Так, довольно частые в Поисках упоминания Альфреда Дрейфуса свидетельствуют об интересе Пруста к его знаменитому процессу. Он и в самом деле был ярым дрейфусаром и даже работал вместе со своими друзьями Жаком Бизе, Робером де Флером, Леоном Брюнсвиком, Луи де Ла Салем и братьями Галеви над текстом Манифеста четырехсот, который через месяц после публикации собрал три тысячи подписей. Но довольно скоро он разочаровался, – среди прочего потому, что узнал о коррупции, не обошедшей и его собственный лагерь, и в конце концов отдалился от этого дела, отказавшись от какого-либо участия в нем.

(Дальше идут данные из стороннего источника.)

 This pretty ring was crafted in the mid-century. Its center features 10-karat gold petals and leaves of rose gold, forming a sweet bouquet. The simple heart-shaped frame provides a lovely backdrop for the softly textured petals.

Резкое несогласие Пруста вызывал догматический антиклерикализм, приверженцы которого требовали закрыть соборы. Будучи агностиком и иронично относясь ко всякого рода легковерию, он решительно осуждал обскурантистские попытки уничтожить культурную память, которая определяла таинственное своеобразие Комбре-Илье (перешедшее и на него самого) и частью он тоже хотел стать, чтобы удостоиться места в пантеоне французской литературы. Книга Против Сент-Бёва – не столько эссе, сколько роман – была его попыткой соперничать с церковными витражами и орга́нами, а также с такими вершинами французского классицизма, как сочинения госпожи де Севинье и Сен-Симона.

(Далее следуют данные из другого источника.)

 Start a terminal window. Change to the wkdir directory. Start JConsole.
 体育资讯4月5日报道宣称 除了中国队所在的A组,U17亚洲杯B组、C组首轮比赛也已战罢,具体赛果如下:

Тщась превзойти христианское искусство, будь то готическое искусство соборов или венецианское барокко, примерить на себя жестокую любезность крестьянки Франсуазы, нелепую декадентскую буржуазность Вердюренов, старомодное аристократическое высокомерие Греффюлей или Германтов, Пруст ставил перед своим искусством романиста задачу сравняться с католическим обрядом «пресуществления». Этот богословский термин отсылает к таинству Евхаристии, где хлеб и вино представляют Тело и Кровь Христа или, вернее, реально становятся таковыми. Принимающий причастие вкушает Христа во всей реальности его человеческой и божественной сущности. И письмо, по мысли Пруста, тоже своего рода евхаристическое пресуществление, дарующее словам «свойства материи и жизни». Слова становятся самой жизнью, литература превосходит реальность, эти «жалкие остатки опыта». Слово «пресуществление» в применении к литературному письму обозначает не что иное, как опыт в двойном значении, как в немецком языке: внезапное прозрение, обнаружение, откровение (Erlebnis) и терпеливое познание (Erfahrung). Пруст всегда на перекрестке того и другого, между блестящей догадкой и лабораторией.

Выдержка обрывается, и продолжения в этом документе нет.